As you have mentioned, your users are currently complaining on the road to a new major version.

Isn't it expected that due to a major version bump the API may change?

Either you don't make backwards-incompatible changes in the API, or you would be doing that in a major version bump. If you aren't doing it in a major version bump, where would you be doing that? Unless you do it in a minor version bump, which is obviously even more improper. So basically, there is nowhere better to do it apart from a major version bump, right?

API changes are or are not expected in a major version change, depending on your system of API versioning. It seems that in your case, it is. This is your own decision, although common. Unless you are totally not planning to make backwards-incompatible changes.

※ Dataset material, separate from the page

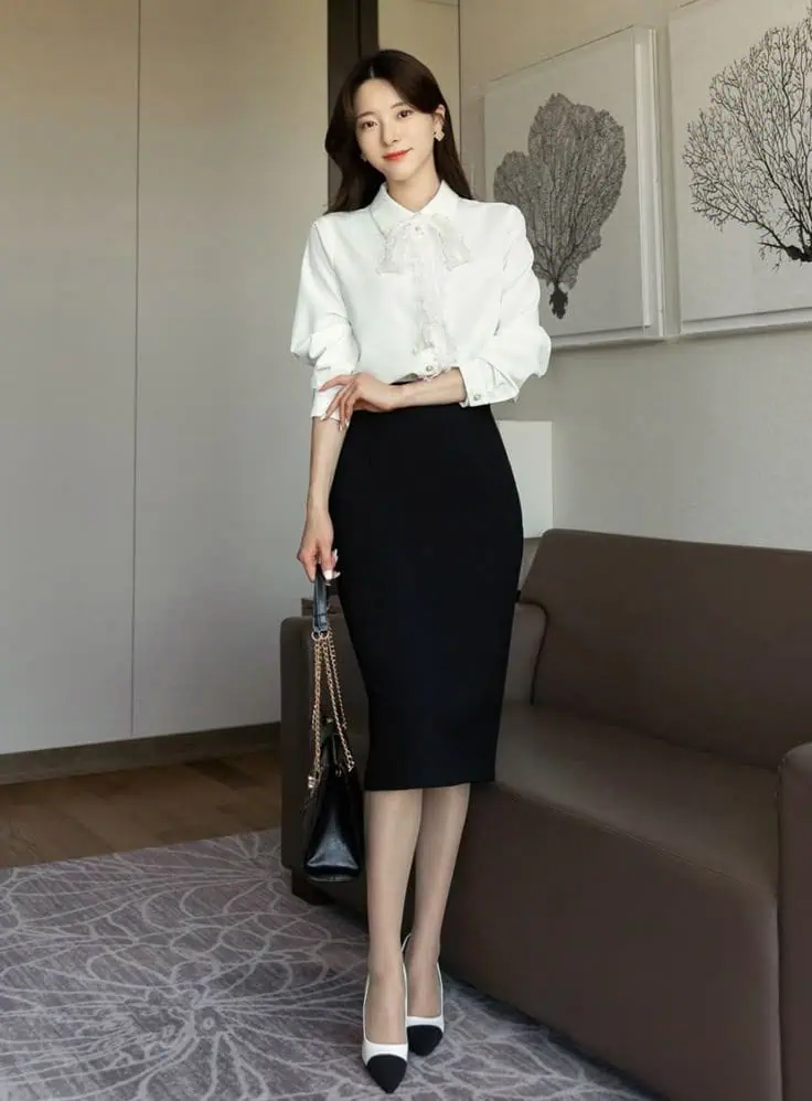 This black-and-white outfit features a ruffled blouse and classic pencil skirt. It balances structure with soft detail, giving off a confident but welcoming vibe. Two-tone shoes and a tailored bag pull it all together, making it an outfit that feels both functional and elegant.
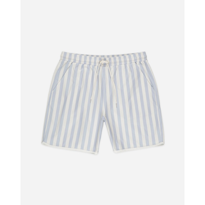 These men's boardshorts feature an elastic drawstring waistband, mesh lining, side slit pockets and a hidden zipper back pocket.UPF 50+Featuring our 'blue stripe' print.Fit: 6.3" inseam | 17" outseamS: 30, M: 32, L: 34, XL: 36Care: Machine wash cold. Hang

Is it "uncommon" to change the API in a beta phase?

The beta phase, according to the usage specified in your post, can be assumed as "previews of a release candidate", and "not finalized". If you are having backwards-incompatible changes, you should release them as soon as possible in order to give more time to the users of your API, say, to fix the compatibility problems. Of course, you won't do that in releases before the version bump because of obvious reasons (you have already marked @Deprecated in earlier versions! Why did people still compile code despite the warnings?). Since you are going to make these changes in the release candidate anyway, why leave them later? Moreover, technically your beta versions are already major-version-bumped.

This question can also be understood as API changes betwteen beta releases of the same version. As long as you are going to add these changes in the major version bump, it is not a problem. After all, during the beta phase, the API changes can be considered as "not yet finished changing".

Finally, always remember: every single change breaks backwards compatibility.

xkcd: Workflow -- There are probably children out there holding down spacebar to stay warm in the winter! YOUR UPDATE MURDERS CHILDREN.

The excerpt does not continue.